Like her, I’m embarrassed it took so long.
Thanks for the Tex Willims! I know that song but by Commander Cody and His Lost Planet Airmen.
Unfortunately the link for the Euclid got somehow doubled and thus not linked to the image. Euclids were cool machines. The proper link for the image is https://hcea.net/page-1553666/10052905
And thanks for the link to the HCEA, I didn’t know about them, now I can revert to my childhood and stare for hours at the big machines!
We had a tire swing. The best were if you attached it with the tire vertical, or there was a way you could cut and fold a tire so it didn’t hurt your legs.
On the other hand, we had ours on a tree that faced a sloping depression, and the rope broke.
On the other other hand, I chained a swing onto our tree for our daughter, and the branch grew around the chain.
The Bizarro tree is saying “. . . two seasons ago”. That would be Summer, rather than Winter, so it is quite accurate.
There was one Farmer’s Dog commercial that was nothing but closeup shots of dogs drooling. If I wanted to see that, I’d have a dog. Personally, I found it disgusting.

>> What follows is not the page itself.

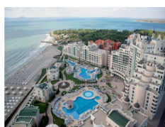
Sunset Resort phase II, Pomorie
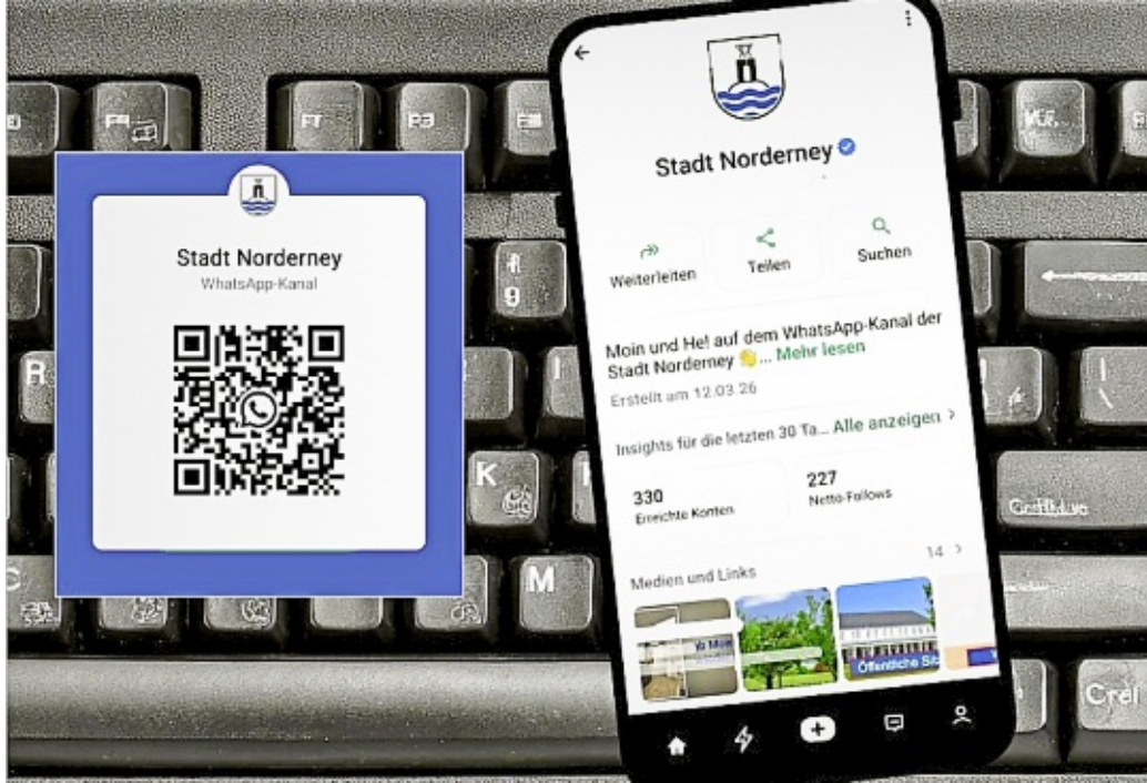
Alle wichtigen Informationen der Stadt und Warnungen kann man ab sofort per Whatsapp aufs Smartphone bekommen. Über den QR-Code lässt sich der Kanal abonnieren.

NORDERNEY Die Stadt Norderney hat jetzt einen offiziellen Behördenkanal auf Whatsapp. „So können wir eine große Zahl von Menschen erreichen, denn die App wird von Menschen jeden Alters genutzt und fast jeder hat sie auf dem Smartphone installiert“, sagt Norderneys Bürgermeister Frank Ulrichs. Nachrichten erscheinen direkt auf dem Sperrbildschirm der Abonnenten, wenn es so eingestellt ist. Die Nutzung ist einfach und kostenlos. Die Kanäle arbeiten als Einwegkommunikation: Abonnenten empfangen die Nachrichten chronologisch, ohne von Algorithmen beeinflusst zu werden.

Thinking of inner tubes reminded me of those horrendous “life preserver” knock offs made of some kind of thin plastic. They were awful because once you got your neck or whatever inside them, the sharp plastic seam scratched your skin & all you wanted was to get right back out of them. The good old days.

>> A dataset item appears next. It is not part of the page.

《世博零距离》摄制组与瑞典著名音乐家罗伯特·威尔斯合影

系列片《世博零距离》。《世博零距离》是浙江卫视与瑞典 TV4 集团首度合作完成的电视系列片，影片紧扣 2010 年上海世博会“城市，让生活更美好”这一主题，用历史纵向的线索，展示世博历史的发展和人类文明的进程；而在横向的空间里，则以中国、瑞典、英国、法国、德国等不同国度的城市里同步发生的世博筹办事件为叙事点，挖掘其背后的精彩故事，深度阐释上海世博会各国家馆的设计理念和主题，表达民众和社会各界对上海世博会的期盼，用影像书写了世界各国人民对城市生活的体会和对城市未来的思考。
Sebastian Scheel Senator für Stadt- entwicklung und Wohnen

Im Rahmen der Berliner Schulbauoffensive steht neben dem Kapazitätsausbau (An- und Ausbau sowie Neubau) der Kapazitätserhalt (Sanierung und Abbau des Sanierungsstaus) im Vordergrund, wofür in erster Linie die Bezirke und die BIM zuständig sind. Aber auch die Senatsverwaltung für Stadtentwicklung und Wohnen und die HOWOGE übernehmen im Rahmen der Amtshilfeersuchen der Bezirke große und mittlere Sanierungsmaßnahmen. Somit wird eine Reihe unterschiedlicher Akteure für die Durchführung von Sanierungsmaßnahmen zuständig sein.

Those with access to a tire swing quickly learned, or were taught by veteran tire swingers, to get atop the tire straddling the rope instead of sitting inside the tire.
I never thought that about why tyres were used. Makes sense.

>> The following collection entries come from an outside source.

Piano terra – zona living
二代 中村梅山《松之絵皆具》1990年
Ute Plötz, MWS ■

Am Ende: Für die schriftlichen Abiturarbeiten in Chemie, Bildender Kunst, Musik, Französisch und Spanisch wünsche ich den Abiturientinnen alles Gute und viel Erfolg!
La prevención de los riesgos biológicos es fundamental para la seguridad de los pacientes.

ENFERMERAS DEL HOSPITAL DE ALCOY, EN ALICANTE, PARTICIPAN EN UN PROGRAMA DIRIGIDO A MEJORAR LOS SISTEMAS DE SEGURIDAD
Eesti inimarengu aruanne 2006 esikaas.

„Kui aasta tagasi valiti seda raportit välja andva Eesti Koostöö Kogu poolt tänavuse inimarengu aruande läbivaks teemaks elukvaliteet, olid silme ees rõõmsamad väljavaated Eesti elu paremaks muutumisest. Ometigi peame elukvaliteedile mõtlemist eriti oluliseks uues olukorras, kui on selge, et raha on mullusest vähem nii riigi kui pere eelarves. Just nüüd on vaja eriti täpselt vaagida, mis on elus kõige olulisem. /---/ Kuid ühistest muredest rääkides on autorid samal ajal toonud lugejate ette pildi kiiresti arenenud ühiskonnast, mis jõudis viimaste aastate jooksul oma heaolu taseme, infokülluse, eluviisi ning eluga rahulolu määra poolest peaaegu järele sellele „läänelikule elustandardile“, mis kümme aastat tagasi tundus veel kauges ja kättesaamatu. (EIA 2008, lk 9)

We used sticks back in Blighty. You could get each leg astride, or hang from them, swing and drop into the River Piddle. Yep, that was the name of my local river.
In all fairness “milk delivery” used to be a thing in the country.
And in the city as well, but it was a regular delivery with a scheduled route. Closest to “ordering” was a slip in the box asking the milkman to leave more or less than your regular amount on that particular day. You couldn’t just phone the dairy and ask them to run a bottle out to you.
Tires on pickups and SUVs are too big and bulky for tire swings.Tires for sedans and sports cars are a lot smaller. Smaller even that 20 years ago.So they would make a more comfortable swing.
I said “the” 20s, which were 100 years ago, the days when every driver carried a patch kit and got to use it often. Car tires then were more like fat bike tires today.